Paul G. Tremblay (born June 30, 1971) is an American author and editor of horror, dark fantasy, and science fiction.  He is also a juror for the Shirley Jackson Awards.

Biography 
Tremblay was born in Aurora, Colorado, and raised in Massachusetts. He had spinal fusion surgery to treat scoliosis before he went to college. He attended Providence College in Providence, Rhode Island, receiving his bachelor's degree in 1993. He obtained his master's degree in mathematics from the University of Vermont in 1995.

In summers between college, Tremblay worked at the Parker Brothers factory in Salem, Massachusetts, primarily in the warehouse and assembly lines. After graduation, he began teaching high school mathematics and coaching junior varsity basketball at Saint Sebastian's School, a private school outside Boston, Massachusetts.
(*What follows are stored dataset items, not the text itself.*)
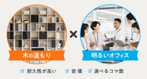 整体院の施術室や待合室は面積が限られているので、なるべくベストサイズな本棚を選びたいですよね。 たくさんのコマ数の中から、セミオーダーのようにお選びいただき、高さカットなどのオプションを使用すれば、スペースにぴったりな棚に。 また、木のぬくもりが、整体院・接骨院を通いやすい落ち着いた雰囲気にまとめられるでしょう。
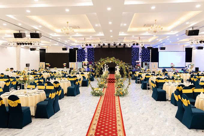 Ngay khi bước vào khu vực lễ tân, khách sẽ có ấn tượng và cảm nhận rõ ràng về phong cách. Có khu chụp ảnh nhóm gồm hoa, pha lê, hoa lụa cao cấp,… là nơi ghi lại những bức ảnh kỷ niệm của bạn tại bữa tiệc.
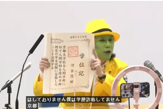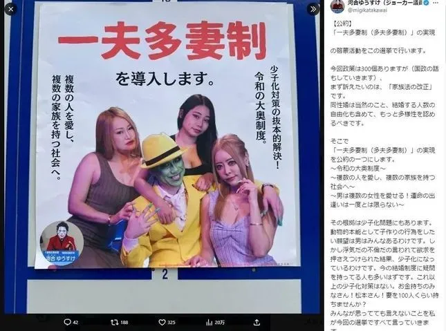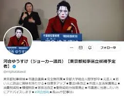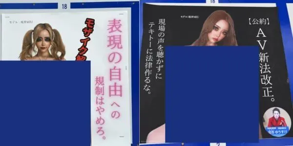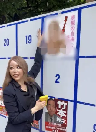自稱“小丑議員”的候選人河合悠祐在東京街頭張貼選舉海報,上面印着幾乎全裸、將雙腿擺出M形姿勢的寫真偶像櫻井MIU,旁邊寫着“停止限制言論自由”的口號。
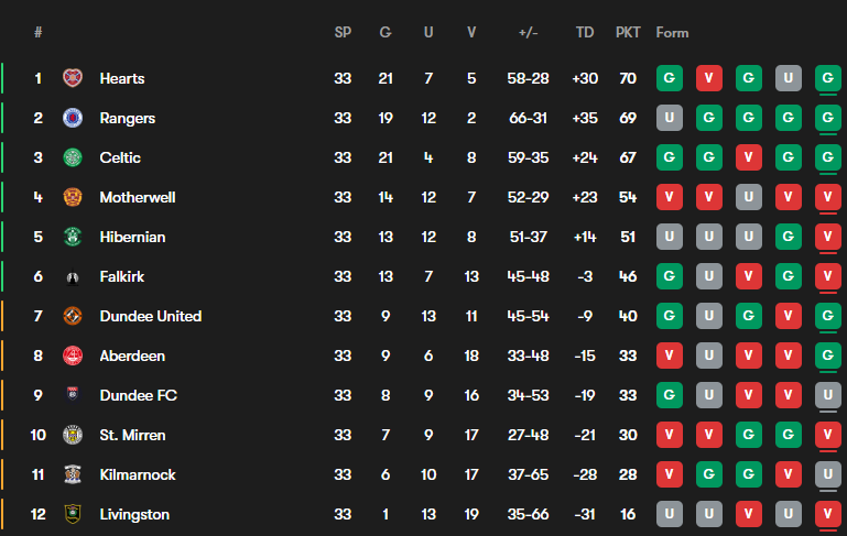 In Schottland bahnt sich ein Dreikampf an. Hearts weiter vorne aber nur noch einen Punkt vor den Rangers. Auch Celtic hat sich wieder gefangen und liegt nur drei Punkte hinter den Hearts.
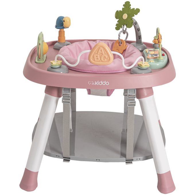 - centro de atividades com assento giratório, plataforma para apoio dos pés e 5 diferentes brinquedos para interação e desenvolvimento da criança, sendo 1 deles um brinquedo musical.
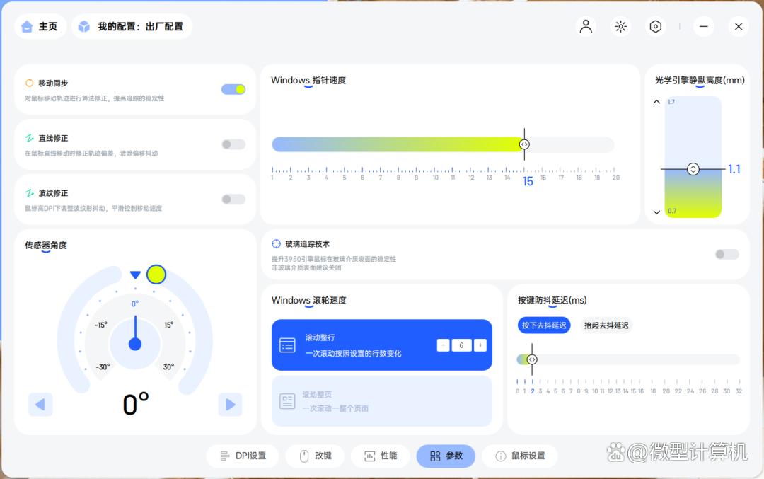 参数调节界面则尽显细致周全,涵盖指针速度、传感器角度、滚轮速度、去抖延迟以及静默高度等核心选项,同时支持移动同步、直线修正等功能的启闭,较前几代产品选项更为丰富,可实现“千人千面”的精细化适配。
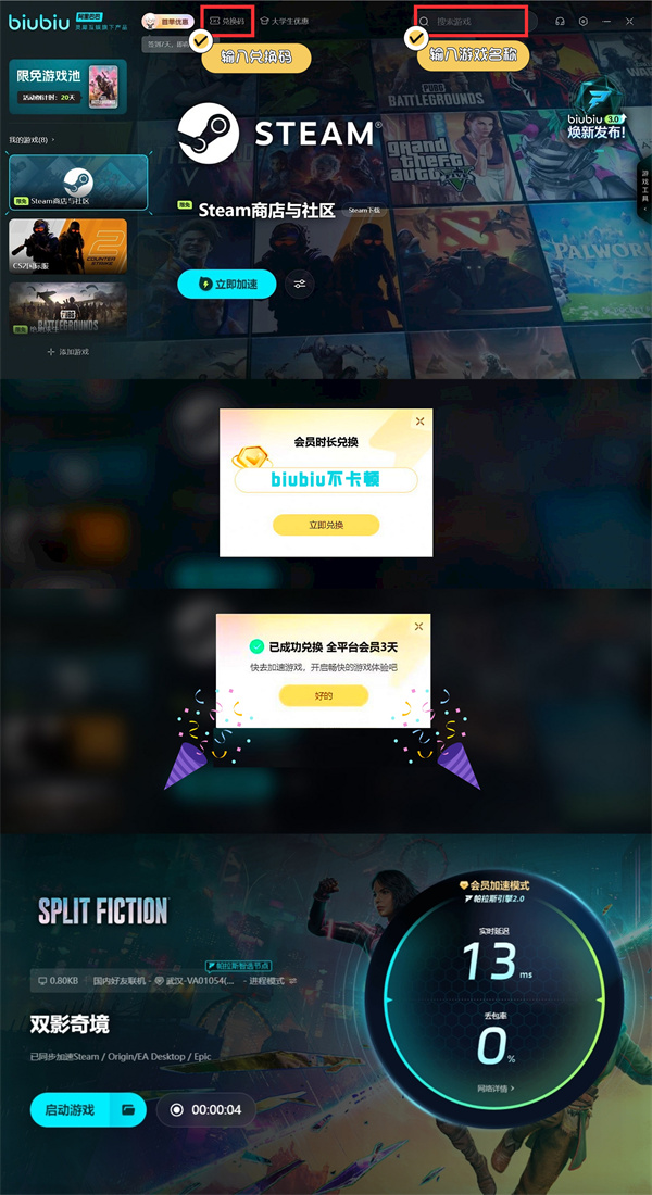 若是玩家希望到时可去解锁更多加速福利,其实到时可考虑来点击兑换,然后借助【biubiu不卡顿】,就能在对应界面来顺利领取到72h的加速时长,助力自己去长时间体验。
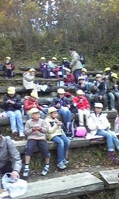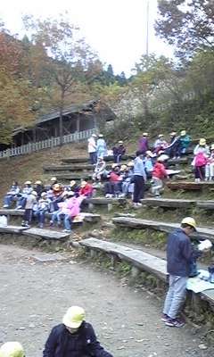 昼食の時間です。子どもたちは,家から持ってきたお弁当をおいしそうに食べています。自然の中で食べるお弁当は,気持ちよくて,いつも以上においしく感じているようです。
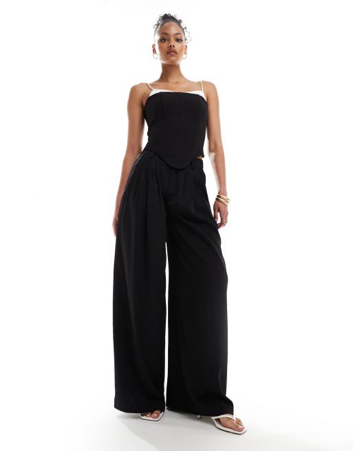 Extro & Vert Tall – Svart och vitt set med byxor och korsettopp med behådetalj
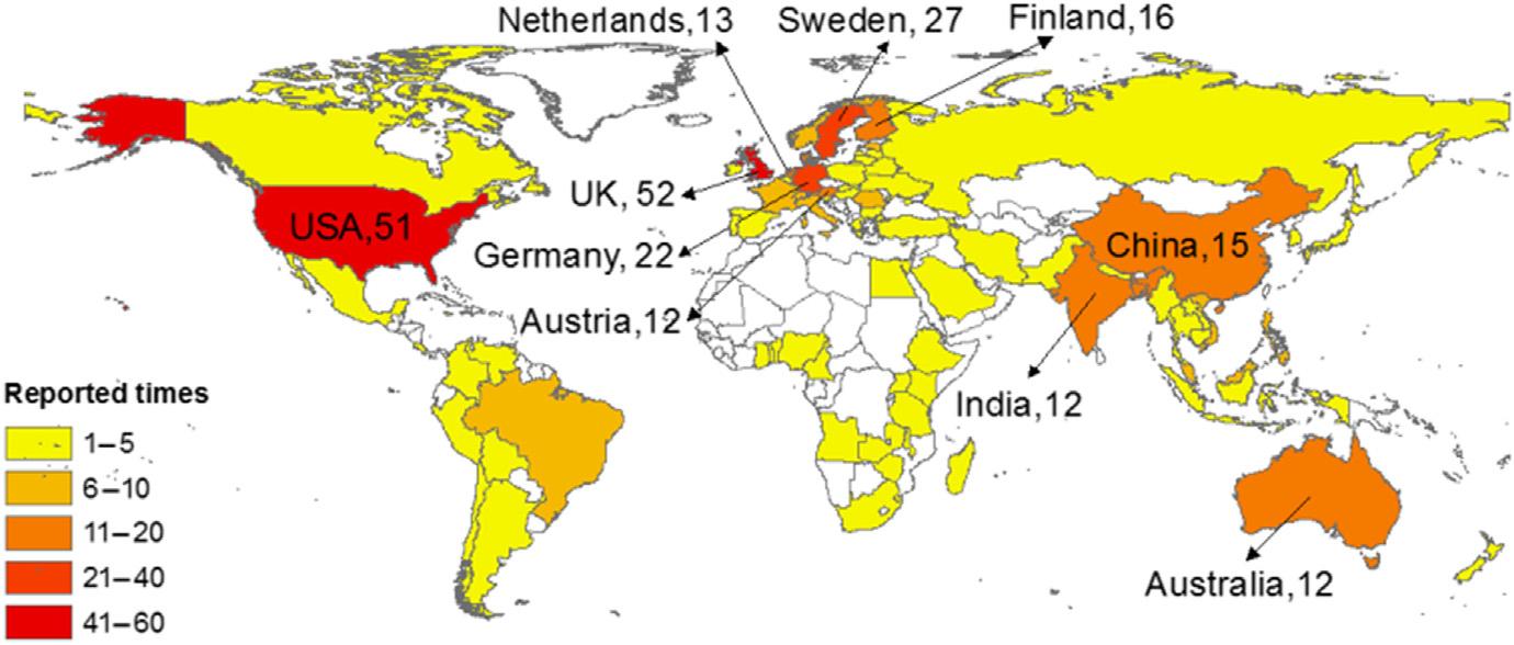 Figure1.4 Geographicaldistributionofcasecountries.Thenumbersarethereportedtimes ofindividualcountries.
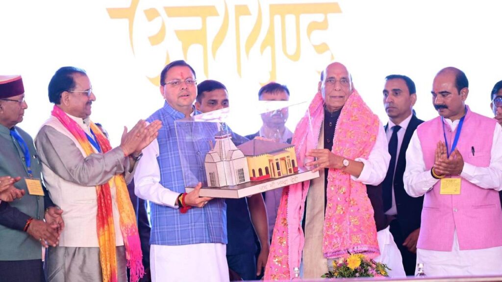 रक्षा मंत्री ने महिला सशक्तिकरण, सैनिक कल्याण, आर्थिक उन्नति, आधारभूत सुविधाओं सहित सभी क्षेत्रों में शानदार प्रदर्शन के लिए, मुख्यमंत्री पुष्कर सिंह धामी की जमकर तारीफ की। भाजपा के वरिष्ठ नेता राजनाथ सिंह ने कहा कि राज्य सरकार ने जहां एक और यूसीसी लागू कर महिला सशक्तिकरण का उदाहरण प्रस्तुत किया , वहीं अवैध घुसपैठियों के खिलाफ कार्रवाई कर उत्तराखंड का स्वरूप बचाने का प्रयास किया है। राजनाथ सिंह ने सख्त नकल विरोधी कानून के लिए भी मुख्यमंत्री धामी की तारीफ करते हुए, कहा कि इसके दूरगामी परिणाम सामने आए।

Tremblay's novel A Head Full of Ghosts was published on June 2, 2015 by William Morrow and won the Horror Writers Association's 2015 Bram Stoker Award for Novel. In 2015, Focus Features optioned the novel. 

Disappearance at Devil's Rock was published in 2016 and received the 2017 British Fantasy Award for best horror novel.

The Cabin at the End of the World was published June 26, 2018. It won the 2019 Bram Stoker Award for Novel and the Locus Award for Best Horror Novel. FilmNation acquired the rights to The Cabin at the End of the World in April 2018, before its publication. The novel was adapted into the 2023 film Knock at the Cabin.

Survivor Song was published on July 7, 2020 and The Pallbearers Club was published in 2022.

Bibliography 
 The Little Sleep (Henry Holt and Company, March 2009)
 The Harlequin & the Train (Necropolitan Press, June 2009, novella-length expansion of the 2003 short story)
 No Sleep till Wonderland (Henry Holt and Company, 2010)
 Swallowing a Donkey's Eye (ChiZine Publications, 2012)
 A Head Full of Ghosts (William Morrow and Company, June 2, 2015) winner of the 2015 Bram Stoker Award for Novel
 Disappearance at Devil's Rock (William Morrow and Company, June 21, 2016)
 The Cabin at the End of the World (William Morrow and Company, June 26, 2018) – winner of the 2019 Bram Stoker Award for Novel and Locus Award for Best Horror Novel
 Survivor Song (William Morrow and Company, 2020)
 The Pallbearers Club (William Morrow and Company, 2022)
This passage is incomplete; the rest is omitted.